Start of Source data

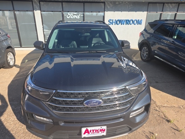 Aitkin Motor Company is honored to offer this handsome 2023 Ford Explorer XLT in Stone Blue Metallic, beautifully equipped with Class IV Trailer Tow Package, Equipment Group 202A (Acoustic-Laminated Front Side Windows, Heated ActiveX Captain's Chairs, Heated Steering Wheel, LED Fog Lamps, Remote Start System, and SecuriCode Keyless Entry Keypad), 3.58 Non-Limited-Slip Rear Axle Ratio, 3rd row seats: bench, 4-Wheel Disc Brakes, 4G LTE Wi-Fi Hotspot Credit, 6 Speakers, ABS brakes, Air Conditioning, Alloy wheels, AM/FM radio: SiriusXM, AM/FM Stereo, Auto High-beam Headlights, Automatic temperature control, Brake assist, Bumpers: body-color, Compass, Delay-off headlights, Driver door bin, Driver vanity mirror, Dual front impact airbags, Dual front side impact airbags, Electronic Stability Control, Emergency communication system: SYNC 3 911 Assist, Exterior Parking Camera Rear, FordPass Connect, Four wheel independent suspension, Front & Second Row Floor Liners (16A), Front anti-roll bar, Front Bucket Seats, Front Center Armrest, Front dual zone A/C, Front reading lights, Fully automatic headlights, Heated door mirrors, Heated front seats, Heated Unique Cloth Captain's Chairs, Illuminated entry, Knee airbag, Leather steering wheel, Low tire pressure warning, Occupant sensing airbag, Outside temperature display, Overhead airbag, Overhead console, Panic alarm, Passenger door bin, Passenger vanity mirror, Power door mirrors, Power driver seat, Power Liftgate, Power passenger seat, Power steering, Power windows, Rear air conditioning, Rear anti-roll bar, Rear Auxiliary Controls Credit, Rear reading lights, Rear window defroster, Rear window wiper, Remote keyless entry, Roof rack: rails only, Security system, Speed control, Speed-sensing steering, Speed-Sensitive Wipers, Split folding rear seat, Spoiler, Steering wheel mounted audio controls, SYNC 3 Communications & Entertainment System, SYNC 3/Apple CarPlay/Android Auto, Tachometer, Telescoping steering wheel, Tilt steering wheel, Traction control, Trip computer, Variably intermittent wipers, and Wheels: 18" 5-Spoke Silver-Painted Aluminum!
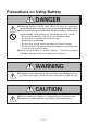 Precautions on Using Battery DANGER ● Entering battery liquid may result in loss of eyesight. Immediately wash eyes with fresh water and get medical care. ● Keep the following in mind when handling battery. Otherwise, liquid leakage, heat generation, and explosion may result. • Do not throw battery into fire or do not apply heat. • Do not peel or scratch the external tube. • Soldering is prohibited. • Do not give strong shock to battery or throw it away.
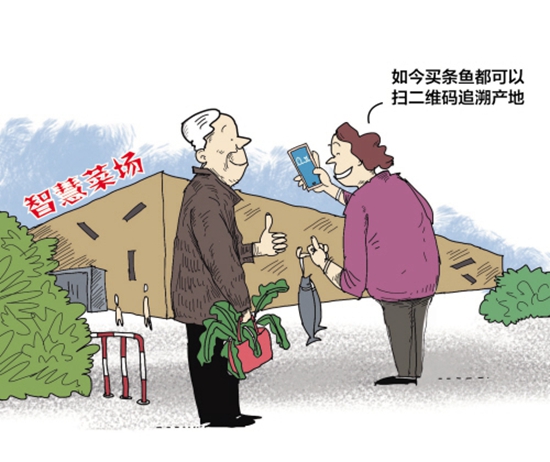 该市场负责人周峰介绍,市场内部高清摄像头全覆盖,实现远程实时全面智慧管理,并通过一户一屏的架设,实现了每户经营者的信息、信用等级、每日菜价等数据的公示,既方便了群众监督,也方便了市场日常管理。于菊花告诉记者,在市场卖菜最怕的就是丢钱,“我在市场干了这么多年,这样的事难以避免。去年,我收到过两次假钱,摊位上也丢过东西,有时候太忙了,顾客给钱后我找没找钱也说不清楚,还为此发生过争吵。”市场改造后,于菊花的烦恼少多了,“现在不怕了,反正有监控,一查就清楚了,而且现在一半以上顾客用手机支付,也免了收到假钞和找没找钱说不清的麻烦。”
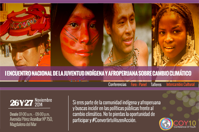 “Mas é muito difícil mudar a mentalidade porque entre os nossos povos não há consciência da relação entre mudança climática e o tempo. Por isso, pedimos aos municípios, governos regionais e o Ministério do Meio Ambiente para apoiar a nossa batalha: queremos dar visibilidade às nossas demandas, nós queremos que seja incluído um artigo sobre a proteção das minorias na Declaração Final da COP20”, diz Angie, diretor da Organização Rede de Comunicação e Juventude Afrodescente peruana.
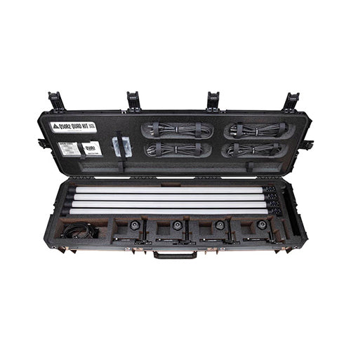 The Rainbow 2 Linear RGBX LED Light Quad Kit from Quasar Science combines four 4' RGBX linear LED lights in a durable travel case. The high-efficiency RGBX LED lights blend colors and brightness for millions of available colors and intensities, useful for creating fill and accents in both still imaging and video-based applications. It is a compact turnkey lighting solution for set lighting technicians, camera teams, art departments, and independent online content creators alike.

End of Source data

:: What you need to do ::
Transcribe every line of the data exactly. No pictures go in the copy.

:: Task result ::
 Aitkin Motor Company is honored to offer this handsome 2023 Ford Explorer XLT in Stone Blue Metallic, beautifully equipped with Class IV Trailer Tow Package, Equipment Group 202A (Acoustic-Laminated Front Side Windows, Heated ActiveX Captain's Chairs, Heated Steering Wheel, LED Fog Lamps, Remote Start System, and SecuriCode Keyless Entry Keypad), 3.58 Non-Limited-Slip Rear Axle Ratio, 3rd row seats: bench, 4-Wheel Disc Brakes, 4G LTE Wi-Fi Hotspot Credit, 6 Speakers, ABS brakes, Air Conditioning, Alloy wheels, AM/FM radio: SiriusXM, AM/FM Stereo, Auto High-beam Headlights, Automatic temperature control, Brake assist, Bumpers: body-color, Compass, Delay-off headlights, Driver door bin, Driver vanity mirror, Dual front impact airbags, Dual front side impact airbags, Electronic Stability Control, Emergency communication system: SYNC 3 911 Assist, Exterior Parking Camera Rear, FordPass Connect, Four wheel independent suspension, Front & Second Row Floor Liners (16A), Front anti-roll bar, Front Bucket Seats, Front Center Armrest, Front dual zone A/C, Front reading lights, Fully automatic headlights, Heated door mirrors, Heated front seats, Heated Unique Cloth Captain's Chairs, Illuminated entry, Knee airbag, Leather steering wheel, Low tire pressure warning, Occupant sensing airbag, Outside temperature display, Overhead airbag, Overhead console, Panic alarm, Passenger door bin, Passenger vanity mirror, Power door mirrors, Power driver seat, Power Liftgate, Power passenger seat, Power steering, Power windows, Rear air conditioning, Rear anti-roll bar, Rear Auxiliary Controls Credit, Rear reading lights, Rear window defroster, Rear window wiper, Remote keyless entry, Roof rack: rails only, Security system, Speed control, Speed-sensing steering, Speed-Sensitive Wipers, Split folding rear seat, Spoiler, Steering wheel mounted audio controls, SYNC 3 Communications & Entertainment System, SYNC 3/Apple CarPlay/Android Auto, Tachometer, Telescoping steering wheel, Tilt steering wheel, Traction control, Trip computer, Variably intermittent wipers, and Wheels: 18" 5-Spoke Silver-Painted Aluminum!
 Precautions on Using Battery DANGER ● Entering battery liquid may result in loss of eyesight. Immediately wash eyes with fresh water and get medical care. ● Keep the following in mind when handling battery. Otherwise, liquid leakage, heat generation, and explosion may result. • Do not throw battery into fire or do not apply heat. • Do not peel or scratch the external tube. • Soldering is prohibited. • Do not give strong shock to battery or throw it away.
 该市场负责人周峰介绍,市场内部高清摄像头全覆盖,实现远程实时全面智慧管理,并通过一户一屏的架设,实现了每户经营者的信息、信用等级、每日菜价等数据的公示,既方便了群众监督,也方便了市场日常管理。于菊花告诉记者,在市场卖菜最怕的就是丢钱,“我在市场干了这么多年,这样的事难以避免。去年,我收到过两次假钱,摊位上也丢过东西,有时候太忙了,顾客给钱后我找没找钱也说不清楚,还为此发生过争吵。”市场改造后,于菊花的烦恼少多了,“现在不怕了,反正有监控,一查就清楚了,而且现在一半以上顾客用手机支付,也免了收到假钞和找没找钱说不清的麻烦。”
 “Mas é muito difícil mudar a mentalidade porque entre os nossos povos não há consciência da relação entre mudança climática e o tempo. Por isso, pedimos aos municípios, governos regionais e o Ministério do Meio Ambiente para apoiar a nossa batalha: queremos dar visibilidade às nossas demandas, nós queremos que seja incluído um artigo sobre a proteção das minorias na Declaração Final da COP20”, diz Angie, diretor da Organização Rede de Comunicação e Juventude Afrodescente peruana.
 The Rainbow 2 Linear RGBX LED Light Quad Kit from Quasar Science combines four 4' RGBX linear LED lights in a durable travel case. The high-efficiency RGBX LED lights blend colors and brightness for millions of available colors and intensities, useful for creating fill and accents in both still imaging and video-based applications. It is a compact turnkey lighting solution for set lighting technicians, camera teams, art departments, and independent online content creators alike.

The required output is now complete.